**** EXERCISE MATERIALS

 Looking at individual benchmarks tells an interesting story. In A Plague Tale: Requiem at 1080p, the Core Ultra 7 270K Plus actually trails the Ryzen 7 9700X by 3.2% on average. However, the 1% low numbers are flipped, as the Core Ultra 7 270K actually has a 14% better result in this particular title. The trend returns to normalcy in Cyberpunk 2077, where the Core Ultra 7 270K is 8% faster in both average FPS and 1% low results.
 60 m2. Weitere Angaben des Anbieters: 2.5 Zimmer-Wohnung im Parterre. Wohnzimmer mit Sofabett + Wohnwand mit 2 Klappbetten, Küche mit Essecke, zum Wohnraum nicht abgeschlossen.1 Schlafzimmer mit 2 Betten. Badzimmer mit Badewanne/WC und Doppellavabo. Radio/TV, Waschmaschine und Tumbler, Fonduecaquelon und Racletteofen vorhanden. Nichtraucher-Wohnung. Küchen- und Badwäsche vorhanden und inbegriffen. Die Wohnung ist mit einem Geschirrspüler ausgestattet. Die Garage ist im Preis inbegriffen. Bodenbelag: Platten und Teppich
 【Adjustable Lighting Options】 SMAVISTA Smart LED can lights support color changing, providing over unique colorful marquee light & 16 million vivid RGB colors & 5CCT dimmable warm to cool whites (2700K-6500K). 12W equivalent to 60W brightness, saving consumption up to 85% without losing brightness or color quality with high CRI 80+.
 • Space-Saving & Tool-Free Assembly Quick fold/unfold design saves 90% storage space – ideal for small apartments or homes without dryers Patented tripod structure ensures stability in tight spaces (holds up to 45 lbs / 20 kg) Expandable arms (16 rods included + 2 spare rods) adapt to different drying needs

********
**** EXERCISE MATERIALS

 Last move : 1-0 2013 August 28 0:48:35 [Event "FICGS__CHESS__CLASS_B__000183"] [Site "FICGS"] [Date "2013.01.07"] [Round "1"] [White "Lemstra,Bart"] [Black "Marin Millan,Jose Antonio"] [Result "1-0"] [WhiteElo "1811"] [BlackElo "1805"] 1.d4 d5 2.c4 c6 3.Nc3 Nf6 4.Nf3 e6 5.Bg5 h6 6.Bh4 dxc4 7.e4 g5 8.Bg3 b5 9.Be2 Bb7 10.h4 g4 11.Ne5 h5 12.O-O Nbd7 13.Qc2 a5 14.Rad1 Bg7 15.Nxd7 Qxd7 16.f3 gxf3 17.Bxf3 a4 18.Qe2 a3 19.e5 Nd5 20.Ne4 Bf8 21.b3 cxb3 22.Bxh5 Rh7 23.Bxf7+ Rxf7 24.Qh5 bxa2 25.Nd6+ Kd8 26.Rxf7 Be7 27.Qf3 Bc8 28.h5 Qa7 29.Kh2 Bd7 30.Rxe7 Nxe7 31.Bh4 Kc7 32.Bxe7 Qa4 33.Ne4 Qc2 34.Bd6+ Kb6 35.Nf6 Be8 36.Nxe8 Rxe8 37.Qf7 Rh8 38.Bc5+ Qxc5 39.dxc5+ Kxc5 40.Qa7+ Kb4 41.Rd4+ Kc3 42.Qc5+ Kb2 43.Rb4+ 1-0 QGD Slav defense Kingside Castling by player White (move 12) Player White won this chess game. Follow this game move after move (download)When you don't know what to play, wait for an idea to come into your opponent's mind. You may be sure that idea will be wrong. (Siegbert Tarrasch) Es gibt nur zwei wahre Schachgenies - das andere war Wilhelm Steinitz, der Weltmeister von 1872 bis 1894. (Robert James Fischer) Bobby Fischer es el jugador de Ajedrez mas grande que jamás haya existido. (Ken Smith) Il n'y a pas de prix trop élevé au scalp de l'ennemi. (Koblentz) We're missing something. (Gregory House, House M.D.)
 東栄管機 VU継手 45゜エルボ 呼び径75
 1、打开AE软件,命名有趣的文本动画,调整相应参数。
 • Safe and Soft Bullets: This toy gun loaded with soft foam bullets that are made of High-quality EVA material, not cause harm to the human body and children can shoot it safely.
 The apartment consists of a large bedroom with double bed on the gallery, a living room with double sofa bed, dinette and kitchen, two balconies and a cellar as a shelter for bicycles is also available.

********

Within the material above, copy exactly the lines from the line that holds "Looking at individual" up to and including the line that holds "60 m2. Weitere".

 Looking at individual benchmarks tells an interesting story. In A Plague Tale: Requiem at 1080p, the Core Ultra 7 270K Plus actually trails the Ryzen 7 9700X by 3.2% on average. However, the 1% low numbers are flipped, as the Core Ultra 7 270K actually has a 14% better result in this particular title. The trend returns to normalcy in Cyberpunk 2077, where the Core Ultra 7 270K is 8% faster in both average FPS and 1% low results.
 60 m2. Weitere Angaben des Anbieters: 2.5 Zimmer-Wohnung im Parterre. Wohnzimmer mit Sofabett + Wohnwand mit 2 Klappbetten, Küche mit Essecke, zum Wohnraum nicht abgeschlossen.1 Schlafzimmer mit 2 Betten. Badzimmer mit Badewanne/WC und Doppellavabo. Radio/TV, Waschmaschine und Tumbler, Fonduecaquelon und Racletteofen vorhanden. Nichtraucher-Wohnung. Küchen- und Badwäsche vorhanden und inbegriffen. Die Wohnung ist mit einem Geschirrspüler ausgestattet. Die Garage ist im Preis inbegriffen. Bodenbelag: Platten und Teppich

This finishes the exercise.